There are over 20 public universities in South Africa, and tuition fees vary depending on the university’s policy, the type of study, and the course length.
However, according to data from Old Mutual, the average cost of sending a graduate to university in South Africa in 2023 and 2024 is R55,900.
Concerningly, this cost is expected to rise to R95,700 by 2030 and reach R177,200 by 2038.
Understanding the rapidly increasing cost of education is crucial, especially given the tough economic environment South Africans face in 2024, which has started to bite parents—especially young families.
Curro noted in its financial results published in March that enrolment numbers showed that some parents are struggling due to the higher cost of living in South Africa.
The group said young families have been hit hard by the rampant hikes in the cost of living in South Africa, which has resulted in a reduction in the enrolments of learners in the youngest grades of primary schools.
Furthermore, a survey conducted by 1Life noted that 65% of parents were very worried about paying school fees in general.
According to Marnus Mostert, a franchise principal and financial adviser, navigating debt obligations in South Africa poses a significant challenge, especially given the prevailing high interest rates.
As a result, he added that individuals, including parents, find themselves halting education payments to address pressing debt concerns.
“This short-term solution, however, overlooks the plethora of strategies available to manage debt while still pursuing essential financial objectives like education,” said Mostert.
He stressed that the longer you wait to start saving for your children’s education expenses, the harder it will be.
To illustrate this, Mostert showed the escalating monthly payments required to afford a 3-year degree considering university fees in 2024—as estimated by Old Mutual—and how hard it gets the longer you wait.

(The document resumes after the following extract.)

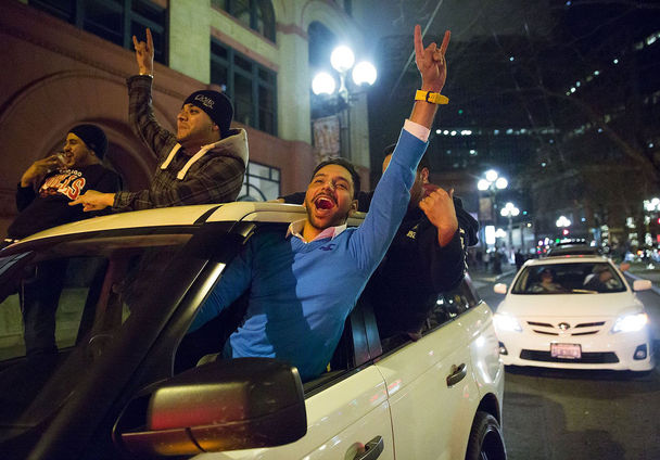 With horns blaring, ecstatic Seattle Seahawks fans celebrate in Pioneer Square after Sunday’s NFC Championship win against the San Francisco 49ers. While the 2006 Super Bowl is a sour memory for Seattle fans, they say this year — and this team — are different.

Age of child when you start saving | Monthly instalment needed | Investment value now |
---|---|---|
0 | R1 118 | R199 801 |
5 | R1 414 | R190 802 |
10 | R2 097 | R182 209 |
15 | R5 100 | R174 003 |
Mostert’s calculations show that saving just over R1,000 a month from when the child is born will build to almost R200,000—which could comfortably cover three years’ tuition fees and any miscellaneous expenses.
However, if you wait until your child is 15 years old, the monthly instalments needed quadruple, and the value drops to R174,000.
While both scenarios come close in value, the latter of over R5,000 per month could put a family into trouble if the economy experiences any turmoil—much like South Africa and many other parts of the world after the Covid-19 pandemic.
“Budgeting, often underestimated, holds significant power, particularly for parents, as education gains increasing importance in society,” said Mostart.